Ce n’était pas une promesse, mais c’était une déclaration qui donnait le ton. Néstor Lorenzo a clairement indiqué que l’équipe nationale colombienne est prête à « se qualifier pour la dernière journée de la Coupe du monde ». Ce n’est pas une phrase mineure ni un optimisme débordant de la part d’un supporter de la rue : c’est une prise de position publique de la part du sélectionneur qui assume le contexte entourant le Tricolore à cent jours du début de la Coupe du monde 2026.
La Colombie arrivera à la Coupe du monde après avoir été absente du Qatar 2022 avec un historique qui place la barre plus haut. Lorenzo s’est qualifié troisième des Éliminatoires avec 28 points, un de moins que l’Équateur et dix de moins que l’Argentine, en plus d’avoir été vice-champion de la Copa América 2024. Ce parcours compétitif est obligatoire et l’entraîneur argentin n’est pas étranger aux exigences qu’il s’est publiquement imposées.
Les débuts auront lieu le 17 juin contre l’Ouzbékistan à Mexico dans le groupe K, et la clôture de la phase de groupes aura un volet particulier : le Portugal, le 27 juin à Miami. L’objectif initial est de surpasser ce qui a été fait au Brésil 2014, lorsque l’équipe a atteint les quarts de finale.

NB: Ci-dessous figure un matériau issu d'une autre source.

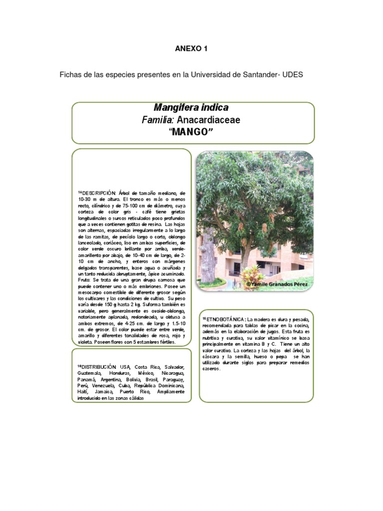 Fichas de las especies presentes en la Universidad de Santander- UDES
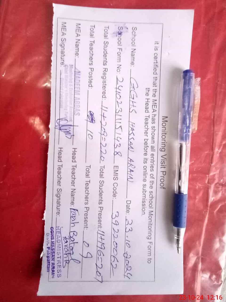 | EMIS Code: 39220062 | Name of School: GGHS HASSAN ARAIN | |||

Avant cela, le mois de mars sera décisif. La Colombie affrontera la Croatie jeudi 26 à Orlando et la France dimanche 29, deux tests très exigeants pour peaufiner les détails et esquisser la liste définitive. Lorenzo a été clair : « Un joueur ne rejoint pas l’équipe nationale et ne participe pas à une Coupe du Monde d’un seul coup. » Le processus a du poids et ceux qui ont été à l’intérieur partent avec un avantage, même si la porte n’est pas fermée. La concurrence interne sera essentielle à plusieurs postes.
Dans ce contexte, la gestion des chiffres sera déterminante. Lorenzo devra valoriser le grand moment de Luis Díaz au Bayern Munich, où l’ailier traverse une étape de haute productivité offensive et de confiance à 100%, et en même temps gérer le cas de James Rodríguez, maintenant en MLS, en cherchant à le rendre compétitif et en rythme. L’équipe sera dirigée par les deux, et leur déséquilibre peut faire la différence dans un tournoi court.
Les noms en cours d’évaluation apparaissent également. Le cas de Falcao a été un sujet de conversation après des versions qui parlaient d’une prétendue promesse. Le DT a été énergique : il n’y a aucune promesse. « J’aime Falcao, je l’adore, j’espère qu’il est en compétition et qu’il rivalise avec ceux qui sont à sa place pour un poste… Je ne fais jamais de promesse à personne », a-t-il expliqué sur Radio Caracol. Concernant Jhon Durán, aujourd’hui au Zenit en Russie, il a souligné qu’il espère atteindre son meilleur niveau pour « nous faire réfléchir ».
La Colombie arrive à la Coupe du Monde avec des chiffres favorables, une base consolidée et l’ambition déclarée de concourir jusqu’au bout. Cent jours après le départ, Lorenzo s’est déjà fixé un objectif : atteindre le dernier jour. Et même si vous n’aimez pas faire de promesses, vous devrez désormais travailler pour répondre aux attentes que vous fixez avec vos propos.